== Problem description ==
Could you retype every line below exactly, omitting the images?

[Start of Attachment]

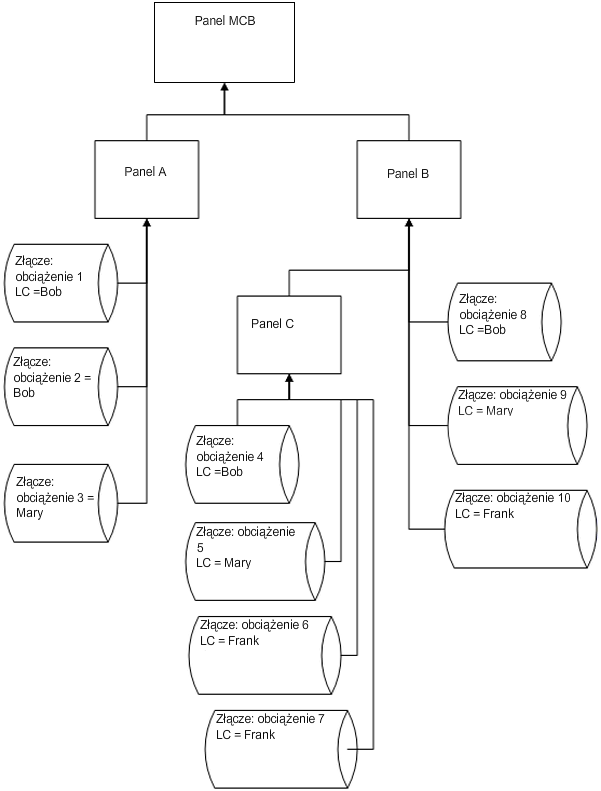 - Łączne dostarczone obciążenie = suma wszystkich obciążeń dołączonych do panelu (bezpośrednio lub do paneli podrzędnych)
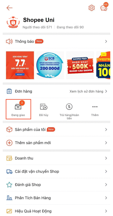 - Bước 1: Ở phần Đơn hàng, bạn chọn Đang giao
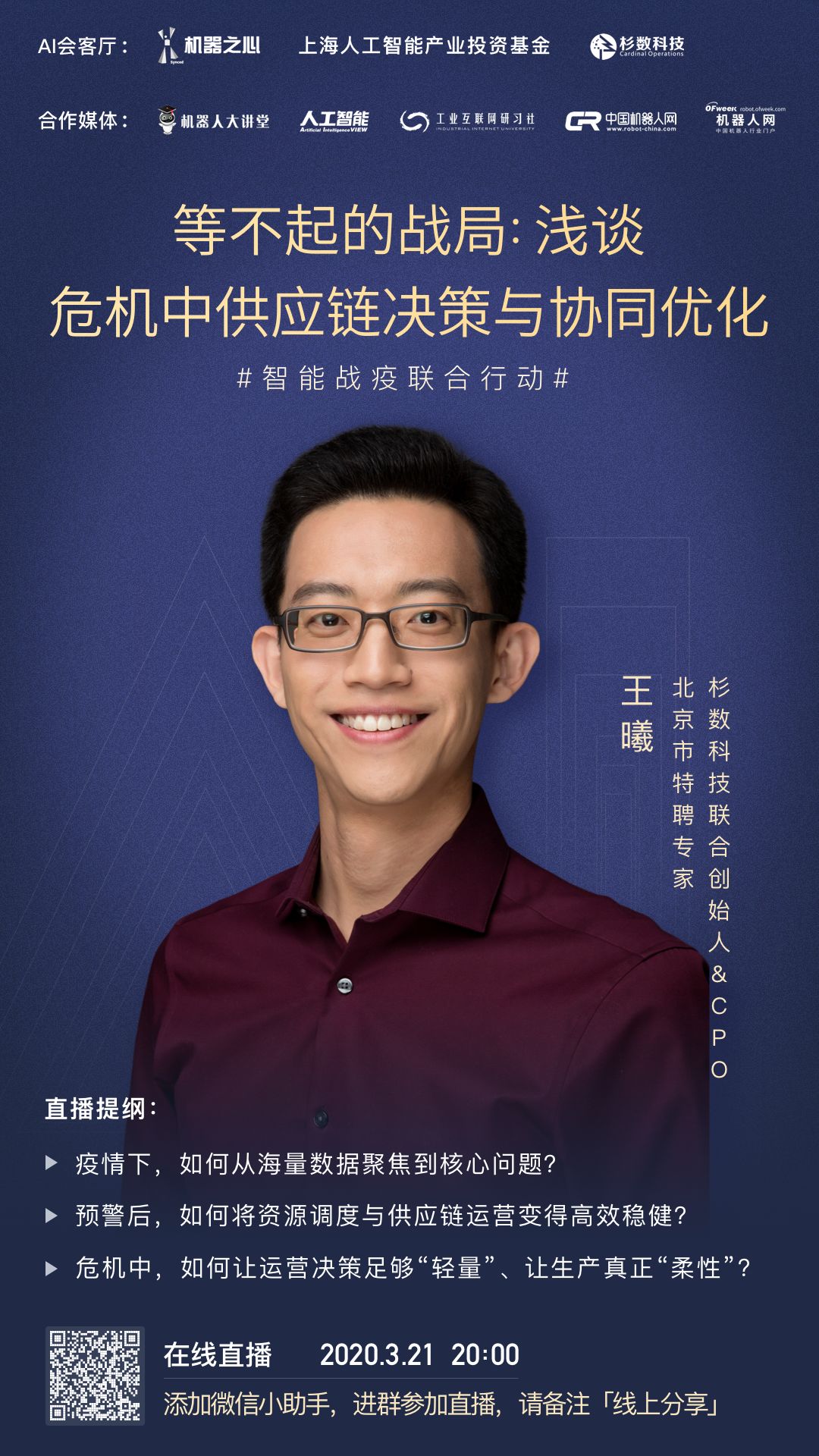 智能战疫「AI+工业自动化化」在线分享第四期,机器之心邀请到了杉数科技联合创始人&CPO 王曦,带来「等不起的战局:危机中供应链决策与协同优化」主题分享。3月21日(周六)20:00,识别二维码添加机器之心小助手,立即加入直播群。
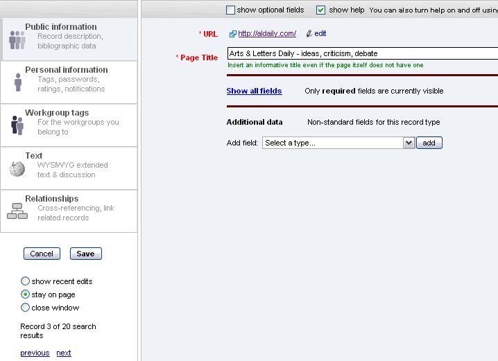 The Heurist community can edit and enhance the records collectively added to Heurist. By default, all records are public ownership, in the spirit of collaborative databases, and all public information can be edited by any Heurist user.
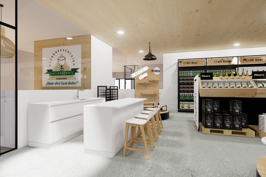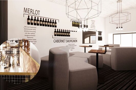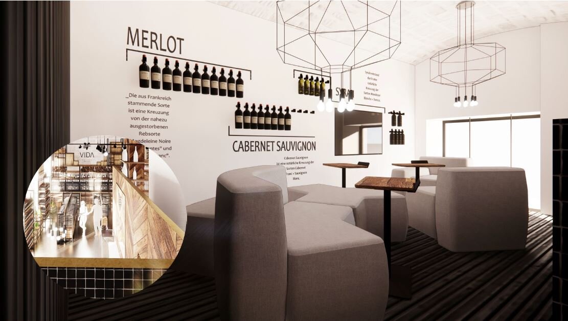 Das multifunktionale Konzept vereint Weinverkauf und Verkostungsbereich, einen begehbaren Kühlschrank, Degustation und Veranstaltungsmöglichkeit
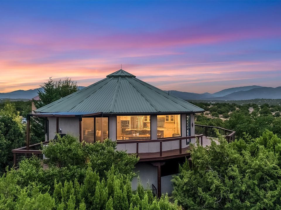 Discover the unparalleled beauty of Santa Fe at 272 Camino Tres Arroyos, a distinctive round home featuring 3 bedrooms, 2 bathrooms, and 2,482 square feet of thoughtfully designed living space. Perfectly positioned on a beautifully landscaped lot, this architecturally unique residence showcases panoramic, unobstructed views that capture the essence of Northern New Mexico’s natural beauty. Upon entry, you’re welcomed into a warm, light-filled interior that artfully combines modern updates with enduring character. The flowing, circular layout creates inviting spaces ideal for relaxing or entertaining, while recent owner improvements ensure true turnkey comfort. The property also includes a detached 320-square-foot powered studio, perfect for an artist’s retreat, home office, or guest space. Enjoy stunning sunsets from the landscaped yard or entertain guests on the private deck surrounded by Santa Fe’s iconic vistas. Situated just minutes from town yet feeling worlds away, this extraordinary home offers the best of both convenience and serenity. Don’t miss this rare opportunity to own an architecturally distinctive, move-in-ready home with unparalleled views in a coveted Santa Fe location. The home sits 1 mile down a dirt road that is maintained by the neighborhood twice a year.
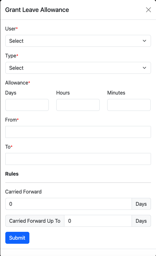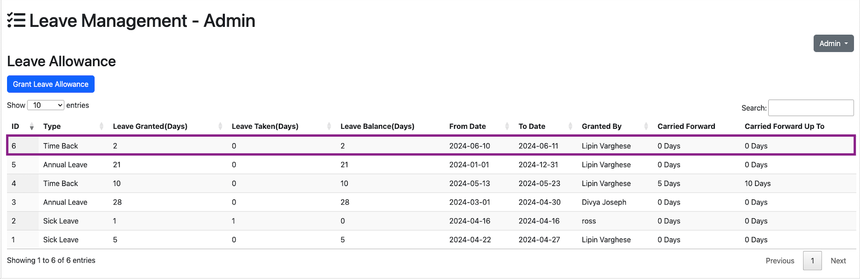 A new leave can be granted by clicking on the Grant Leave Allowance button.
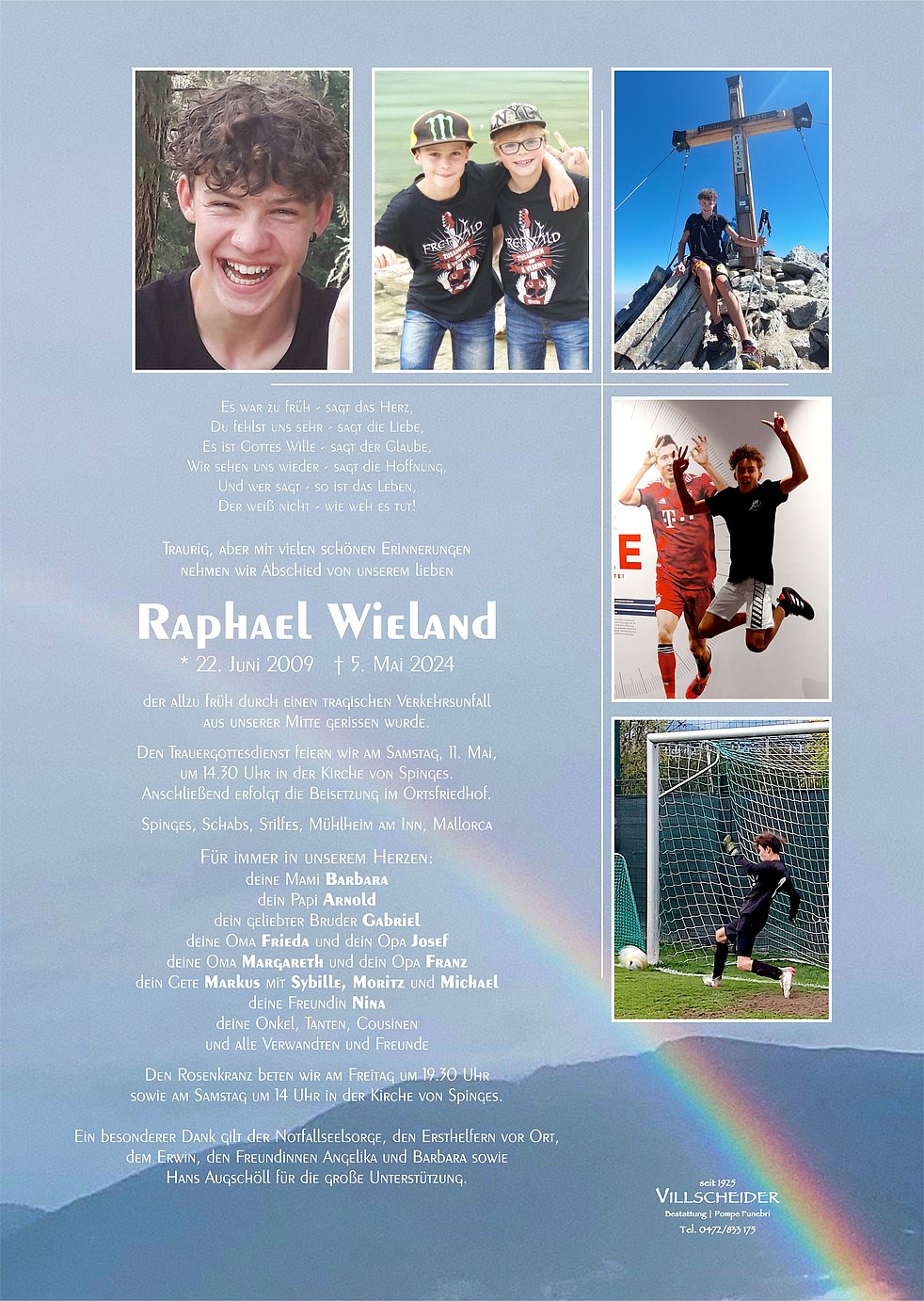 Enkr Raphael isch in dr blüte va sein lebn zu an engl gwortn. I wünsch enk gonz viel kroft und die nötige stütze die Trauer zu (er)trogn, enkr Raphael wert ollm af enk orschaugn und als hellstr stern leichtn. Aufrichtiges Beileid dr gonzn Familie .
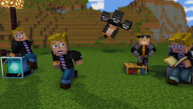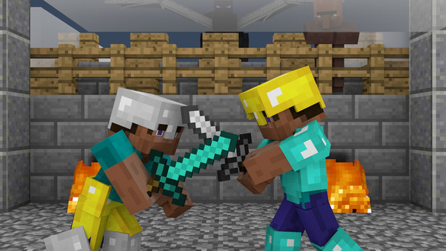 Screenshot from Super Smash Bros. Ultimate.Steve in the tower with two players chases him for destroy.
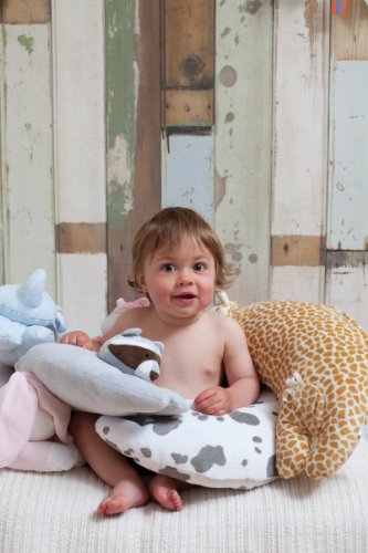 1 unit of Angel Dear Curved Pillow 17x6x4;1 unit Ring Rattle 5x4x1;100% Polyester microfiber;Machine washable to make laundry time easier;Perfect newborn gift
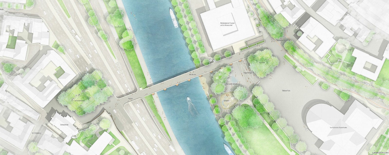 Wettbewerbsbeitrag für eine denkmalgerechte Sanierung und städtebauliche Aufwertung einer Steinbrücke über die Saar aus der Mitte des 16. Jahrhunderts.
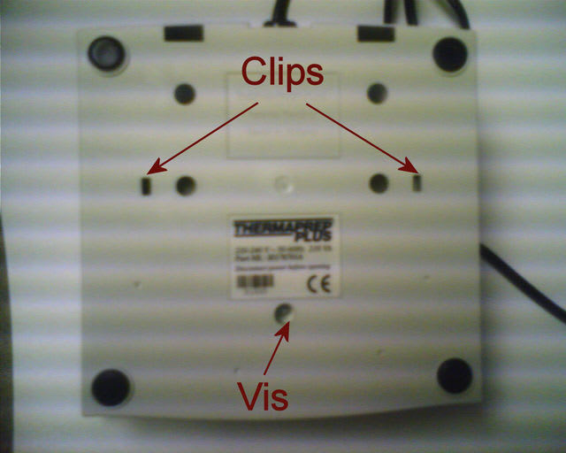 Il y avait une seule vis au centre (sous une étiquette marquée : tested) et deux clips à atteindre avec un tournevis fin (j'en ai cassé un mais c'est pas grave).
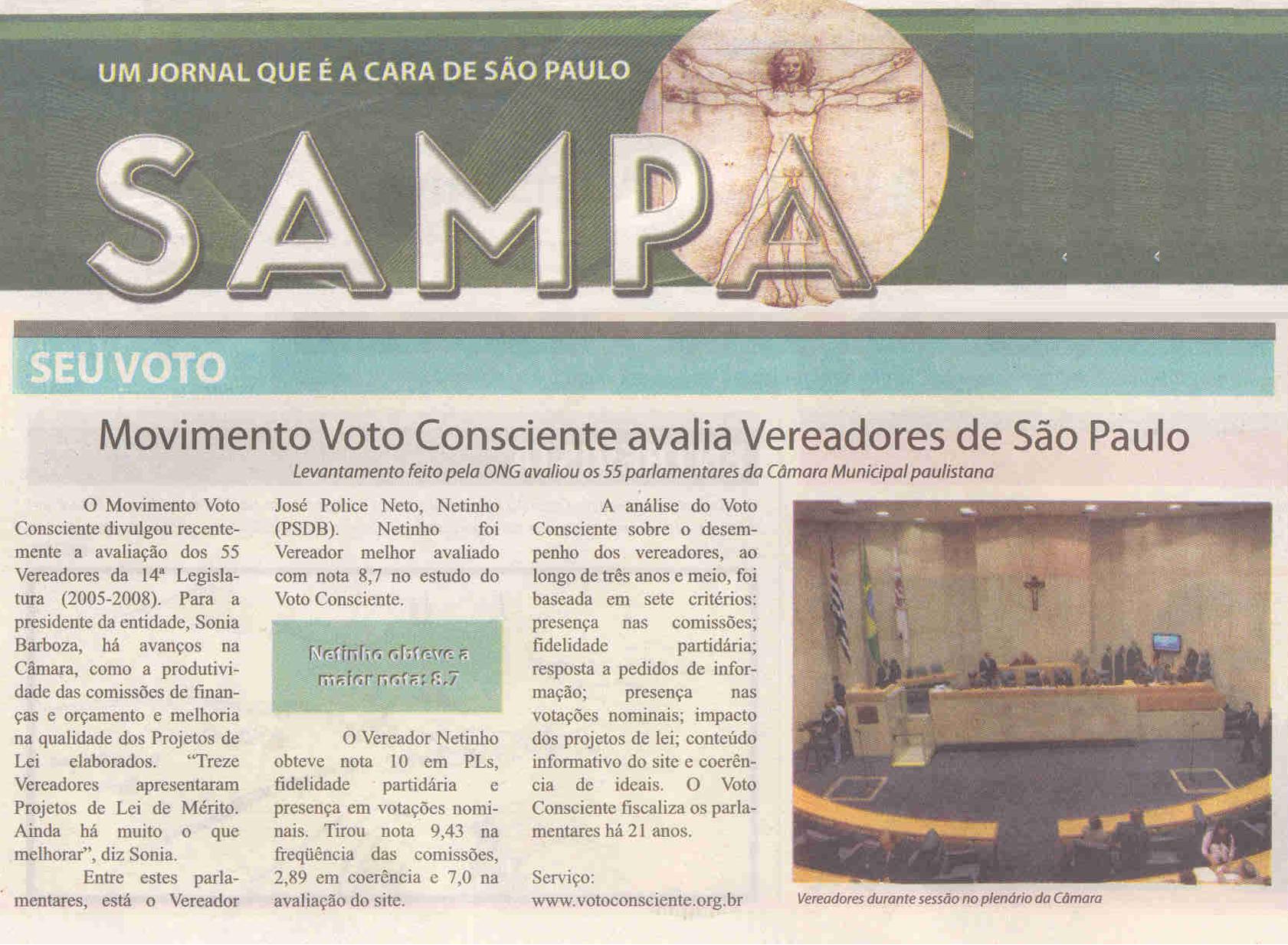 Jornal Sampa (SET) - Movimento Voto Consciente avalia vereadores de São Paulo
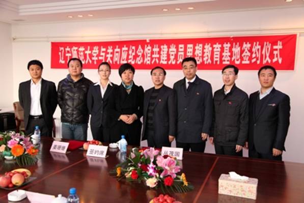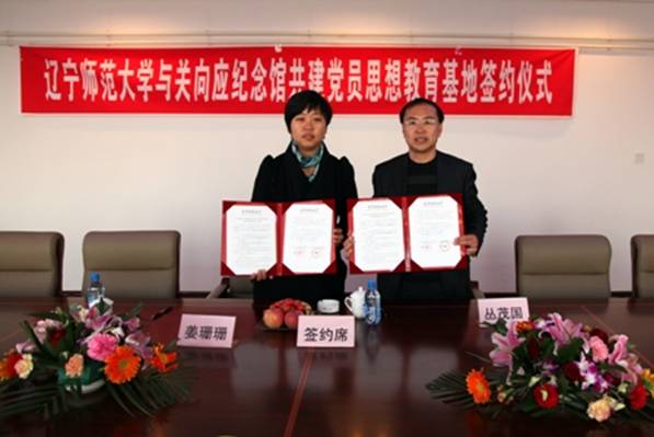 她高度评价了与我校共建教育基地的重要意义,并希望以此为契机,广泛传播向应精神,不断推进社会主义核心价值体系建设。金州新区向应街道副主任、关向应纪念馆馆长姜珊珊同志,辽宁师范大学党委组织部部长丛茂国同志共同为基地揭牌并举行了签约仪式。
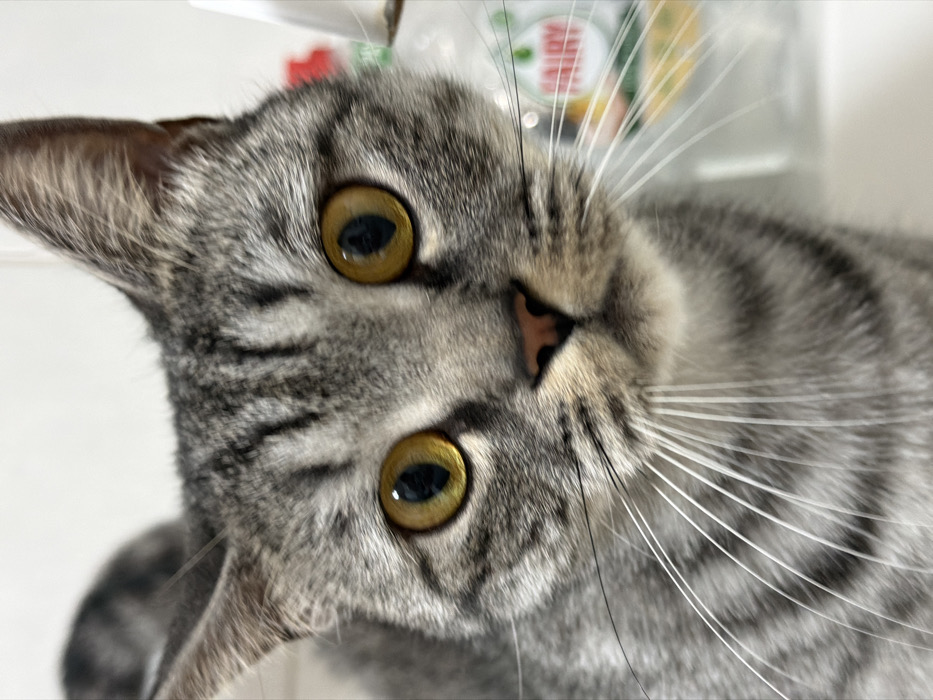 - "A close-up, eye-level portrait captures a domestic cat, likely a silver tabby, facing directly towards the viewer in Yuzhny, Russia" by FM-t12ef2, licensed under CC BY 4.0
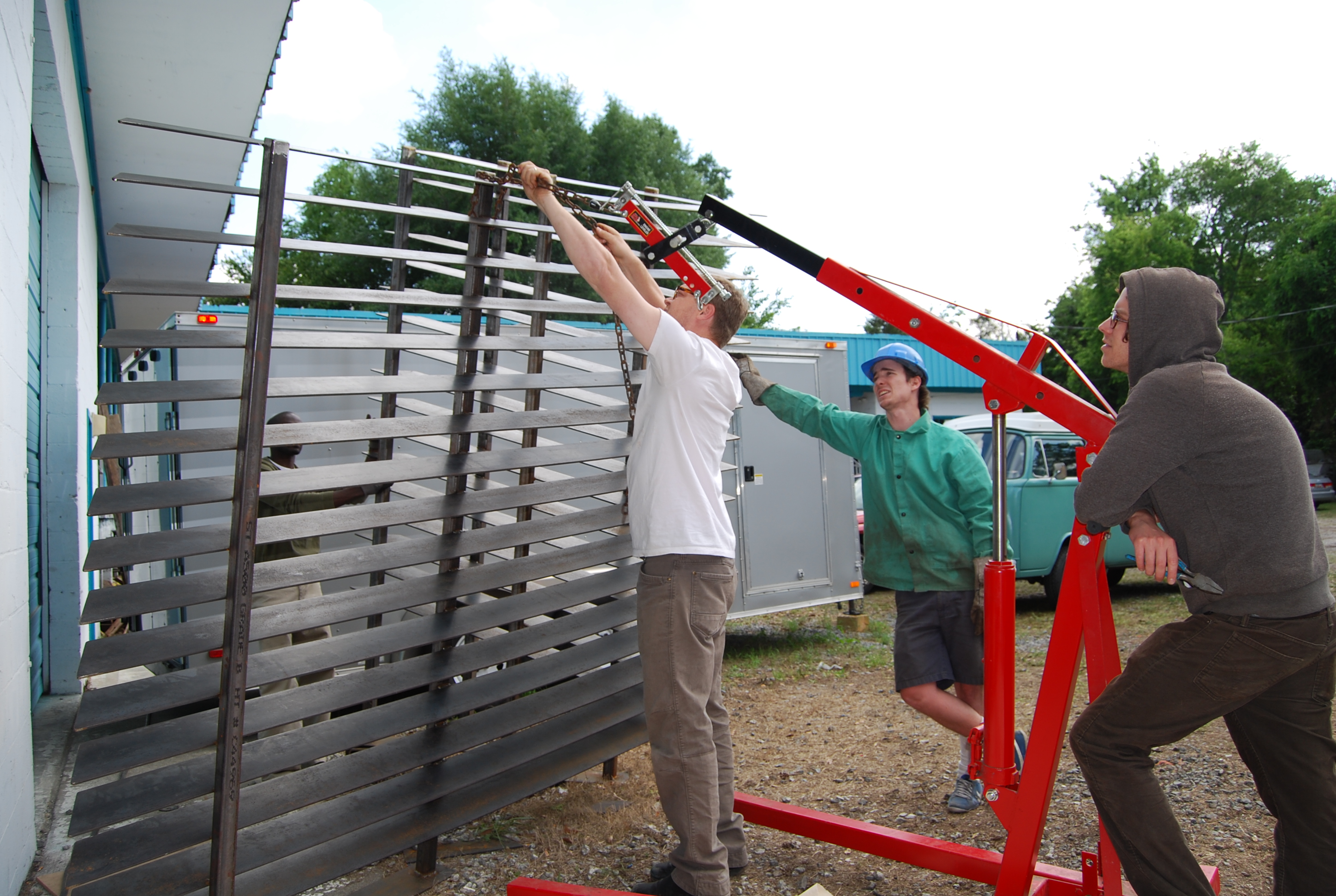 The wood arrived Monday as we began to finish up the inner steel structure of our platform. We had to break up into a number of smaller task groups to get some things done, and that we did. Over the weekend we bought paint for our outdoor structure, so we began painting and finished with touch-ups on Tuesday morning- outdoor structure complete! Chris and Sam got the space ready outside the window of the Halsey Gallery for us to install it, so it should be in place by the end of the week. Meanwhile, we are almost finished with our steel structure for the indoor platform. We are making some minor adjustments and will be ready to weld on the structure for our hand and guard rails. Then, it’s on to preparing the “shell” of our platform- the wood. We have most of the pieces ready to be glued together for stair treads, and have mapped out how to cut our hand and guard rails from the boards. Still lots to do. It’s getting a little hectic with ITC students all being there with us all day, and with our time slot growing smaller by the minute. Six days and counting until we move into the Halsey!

[End of Attachment]

== Solution for this problem ==
 - Łączne dostarczone obciążenie = suma wszystkich obciążeń dołączonych do panelu (bezpośrednio lub do paneli podrzędnych)
 - Bước 1: Ở phần Đơn hàng, bạn chọn Đang giao
 智能战疫「AI+工业自动化化」在线分享第四期,机器之心邀请到了杉数科技联合创始人&CPO 王曦,带来「等不起的战局:危机中供应链决策与协同优化」主题分享。3月21日(周六)20:00,识别二维码添加机器之心小助手,立即加入直播群。
 The Heurist community can edit and enhance the records collectively added to Heurist. By default, all records are public ownership, in the spirit of collaborative databases, and all public information can be edited by any Heurist user.
 Das multifunktionale Konzept vereint Weinverkauf und Verkostungsbereich, einen begehbaren Kühlschrank, Degustation und Veranstaltungsmöglichkeit
 Discover the unparalleled beauty of Santa Fe at 272 Camino Tres Arroyos, a distinctive round home featuring 3 bedrooms, 2 bathrooms, and 2,482 square feet of thoughtfully designed living space. Perfectly positioned on a beautifully landscaped lot, this architecturally unique residence showcases panoramic, unobstructed views that capture the essence of Northern New Mexico’s natural beauty. Upon entry, you’re welcomed into a warm, light-filled interior that artfully combines modern updates with enduring character. The flowing, circular layout creates inviting spaces ideal for relaxing or entertaining, while recent owner improvements ensure true turnkey comfort. The property also includes a detached 320-square-foot powered studio, perfect for an artist’s retreat, home office, or guest space. Enjoy stunning sunsets from the landscaped yard or entertain guests on the private deck surrounded by Santa Fe’s iconic vistas. Situated just minutes from town yet feeling worlds away, this extraordinary home offers the best of both convenience and serenity. Don’t miss this rare opportunity to own an architecturally distinctive, move-in-ready home with unparalleled views in a coveted Santa Fe location. The home sits 1 mile down a dirt road that is maintained by the neighborhood twice a year.
 A new leave can be granted by clicking on the Grant Leave Allowance button.
 Enkr Raphael isch in dr blüte va sein lebn zu an engl gwortn. I wünsch enk gonz viel kroft und die nötige stütze die Trauer zu (er)trogn, enkr Raphael wert ollm af enk orschaugn und als hellstr stern leichtn. Aufrichtiges Beileid dr gonzn Familie .
 Screenshot from Super Smash Bros. Ultimate.Steve in the tower with two players chases him for destroy.
 1 unit of Angel Dear Curved Pillow 17x6x4;1 unit Ring Rattle 5x4x1;100% Polyester microfiber;Machine washable to make laundry time easier;Perfect newborn gift
 Wettbewerbsbeitrag für eine denkmalgerechte Sanierung und städtebauliche Aufwertung einer Steinbrücke über die Saar aus der Mitte des 16. Jahrhunderts.
 Il y avait une seule vis au centre (sous une étiquette marquée : tested) et deux clips à atteindre avec un tournevis fin (j'en ai cassé un mais c'est pas grave).
 Jornal Sampa (SET) - Movimento Voto Consciente avalia vereadores de São Paulo
 她高度评价了与我校共建教育基地的重要意义,并希望以此为契机,广泛传播向应精神,不断推进社会主义核心价值体系建设。金州新区向应街道副主任、关向应纪念馆馆长姜珊珊同志,辽宁师范大学党委组织部部长丛茂国同志共同为基地揭牌并举行了签约仪式。
 - "A close-up, eye-level portrait captures a domestic cat, likely a silver tabby, facing directly towards the viewer in Yuzhny, Russia" by FM-t12ef2, licensed under CC BY 4.0
 The wood arrived Monday as we began to finish up the inner steel structure of our platform. We had to break up into a number of smaller task groups to get some things done, and that we did. Over the weekend we bought paint for our outdoor structure, so we began painting and finished with touch-ups on Tuesday morning- outdoor structure complete! Chris and Sam got the space ready outside the window of the Halsey Gallery for us to install it, so it should be in place by the end of the week. Meanwhile, we are almost finished with our steel structure for the indoor platform. We are making some minor adjustments and will be ready to weld on the structure for our hand and guard rails. Then, it’s on to preparing the “shell” of our platform- the wood. We have most of the pieces ready to be glued together for stair treads, and have mapped out how to cut our hand and guard rails from the boards. Still lots to do. It’s getting a little hectic with ITC students all being there with us all day, and with our time slot growing smaller by the minute. Six days and counting until we move into the Halsey!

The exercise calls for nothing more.